Gemäß § 2 Abs. 1 lit. b FLAG 1967 hätten Personen, die im Bundesgebiet einen Wohnsitz oder ihren gewöhnlichen Aufenthalt hätten, Anspruch auf Familienbeihilfe für volljährige Kinder, die das 24. Lebensjahr noch nicht vollendet hätten und die für einen Beruf ausgebildet werden würden. Bei Kindern, die eine in § 3 des Studienförderungsgesetzes 1992, BGBI. Nr. 305/1992, genannte Einrichtung besuchten, sei eine Berufsausbildung nur dann anzunehmen, wenn sie die vorgesehene Studienzeit pro Studienabschnitt um nicht mehr als ein Semester oder die vorgesehene Ausbildungszeit um nicht mehr als ein Ausbildungsjahr überschritten. Die Aufnahme als ordentliche Hörerin oder ordentlicher Hörer gelte als Anspruchsvoraussetzung für das erste Studienjahr.
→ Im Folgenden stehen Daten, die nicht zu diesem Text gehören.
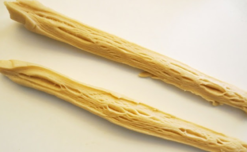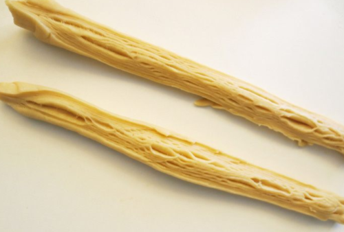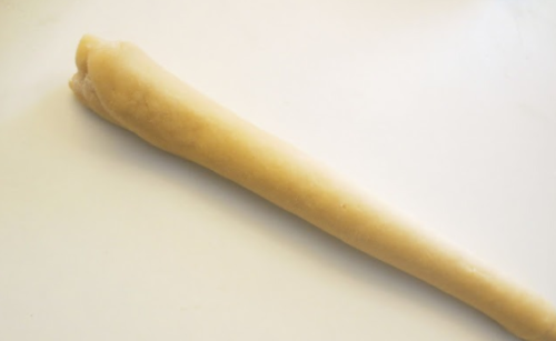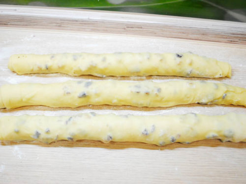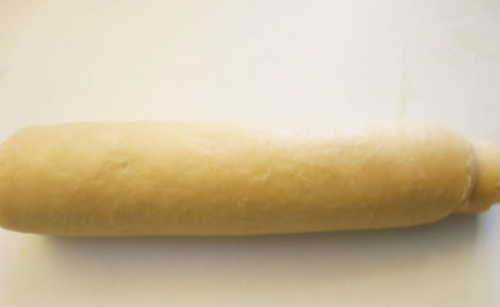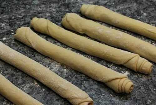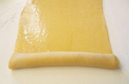 • Готову основу для випічки ділимо на 6 рівних частин, кожну розкачуємо в прямокутник розмірами 20 на 50 см, змащуємо м’яким маслом і звертаємо рулетом.
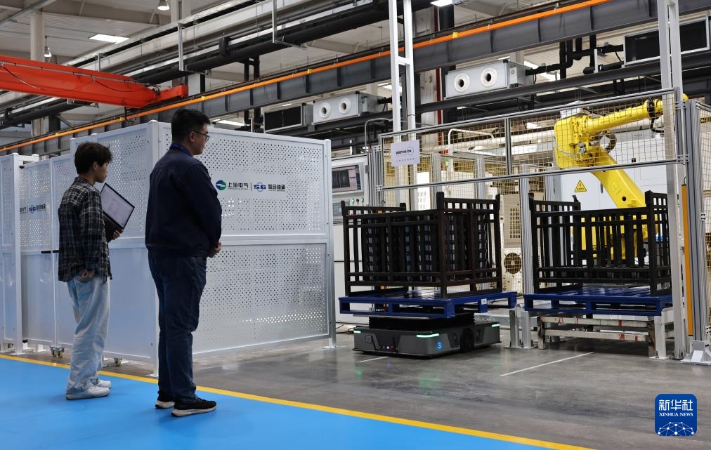 4月25日,工人和技术人员在产线上进行AGV小车与机器人的协同配合调试工作。

Nach der genannten Bestimmung gälten bei einem Studienwechsel die in § 17 StudFG angeführten Regelungen auch für den Anspruch auf Familienbeihilfe.
Gemäß § 17 StudFG liege ein günstiger Studienerfolg nicht vor, wenn die oder der Studierende das Studium öfter als zweimal gewechselt habe oder das Studium nach dem jeweils dritten fortgesetzt gemeldeten Semester (nach dem zweiten Ausbildungsjahr) gewechselt habe und nicht die gesamten Vorstudienzeiten für die Anspruchsdauer des nunmehr betriebenen Studiums berücksichtigt werden würden.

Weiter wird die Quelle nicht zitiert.